THE RECORDS:
'''
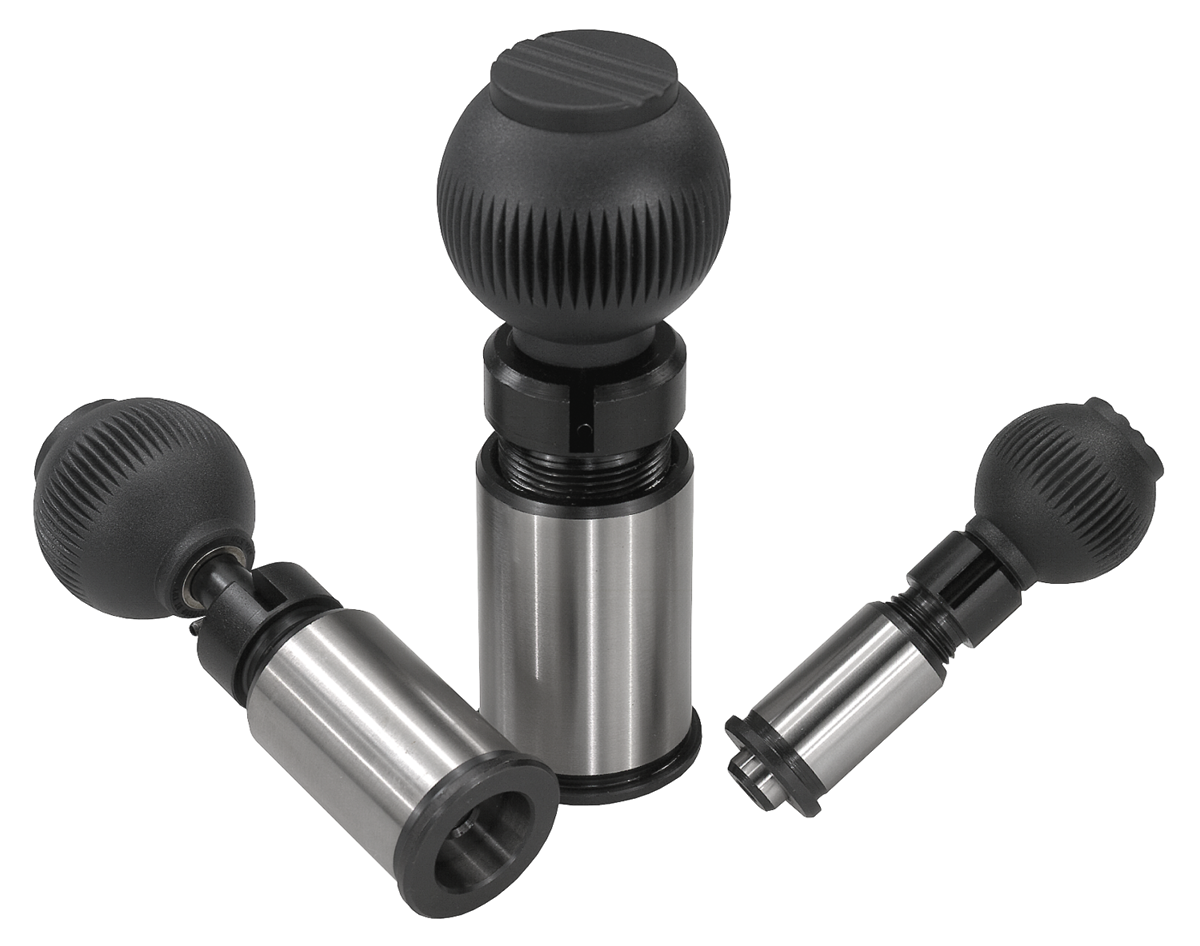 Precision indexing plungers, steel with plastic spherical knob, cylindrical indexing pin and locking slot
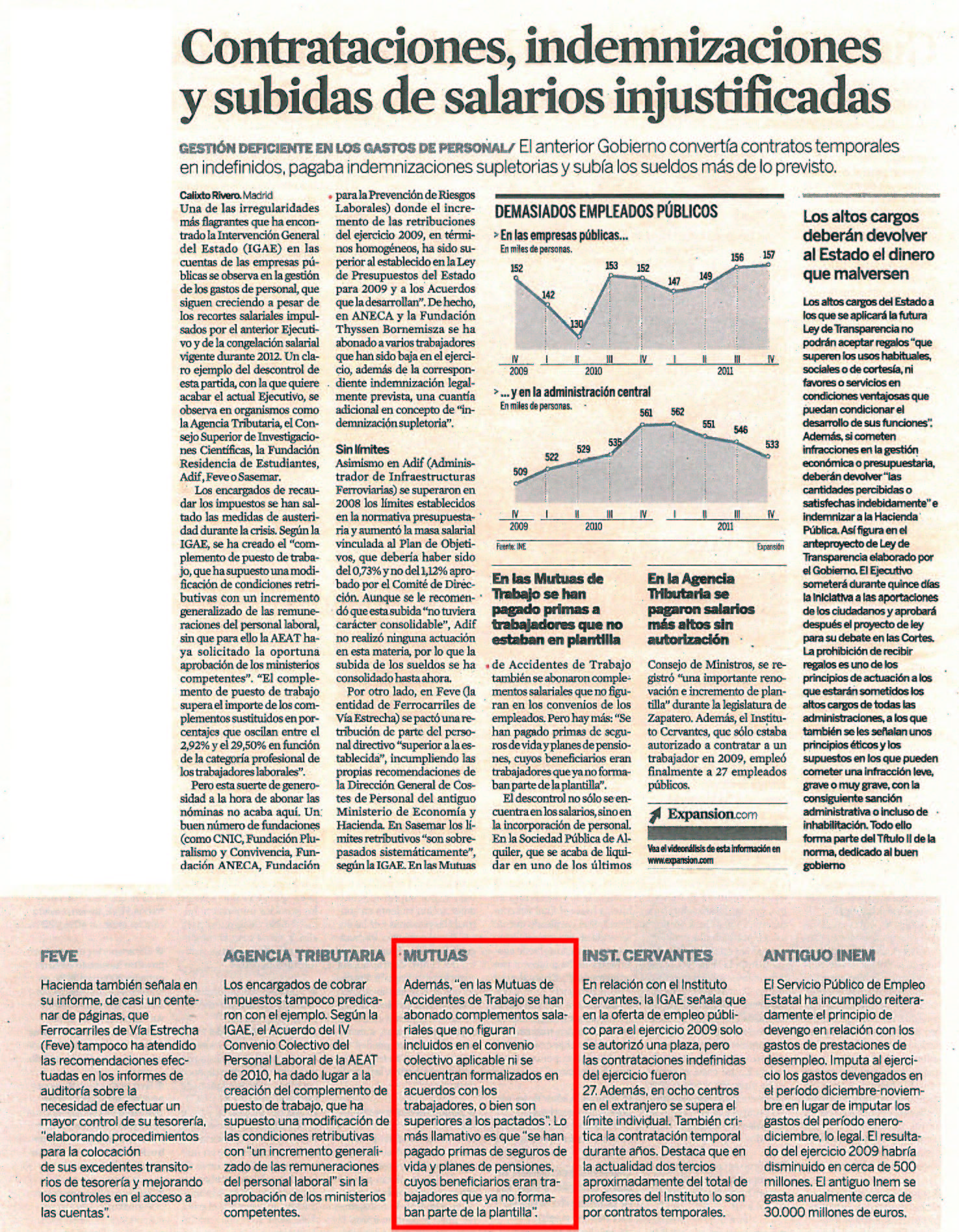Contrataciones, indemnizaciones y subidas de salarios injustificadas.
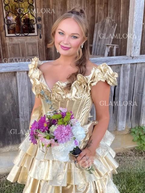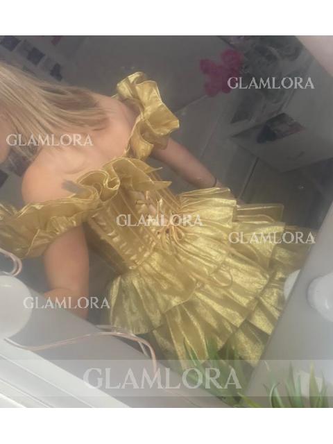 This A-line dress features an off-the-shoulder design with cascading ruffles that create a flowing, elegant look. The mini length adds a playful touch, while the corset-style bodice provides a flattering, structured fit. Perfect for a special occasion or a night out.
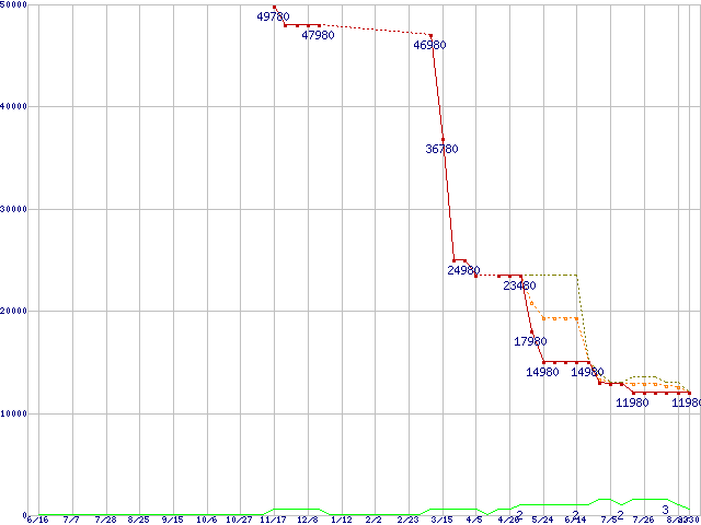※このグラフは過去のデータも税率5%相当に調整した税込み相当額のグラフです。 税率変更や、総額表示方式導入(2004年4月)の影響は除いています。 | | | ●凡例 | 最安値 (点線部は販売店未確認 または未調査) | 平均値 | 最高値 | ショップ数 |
'''
'''
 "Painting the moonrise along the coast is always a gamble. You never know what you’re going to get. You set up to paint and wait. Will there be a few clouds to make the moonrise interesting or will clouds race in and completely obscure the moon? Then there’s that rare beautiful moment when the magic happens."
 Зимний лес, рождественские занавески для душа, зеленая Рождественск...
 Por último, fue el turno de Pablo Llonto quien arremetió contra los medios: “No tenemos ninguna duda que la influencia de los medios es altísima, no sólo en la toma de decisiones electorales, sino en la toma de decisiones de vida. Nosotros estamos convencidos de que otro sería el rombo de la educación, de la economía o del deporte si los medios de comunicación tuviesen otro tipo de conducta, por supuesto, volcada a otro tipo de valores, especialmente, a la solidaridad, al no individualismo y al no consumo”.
'''
INSTRUCTIONS TO FOLLOW:
Leave the pictures out. Output, exactly, the lines of the material above starting at the line containing "This A-line dress" and ending at the line containing "最高値 | ショップ数 |".

RESULT:
 This A-line dress features an off-the-shoulder design with cascading ruffles that create a flowing, elegant look. The mini length adds a playful touch, while the corset-style bodice provides a flattering, structured fit. Perfect for a special occasion or a night out.
※このグラフは過去のデータも税率5%相当に調整した税込み相当額のグラフです。 税率変更や、総額表示方式導入(2004年4月)の影響は除いています。 | | | ●凡例 | 最安値 (点線部は販売店未確認 または未調査) | 平均値 | 最高値 | ショップ数 |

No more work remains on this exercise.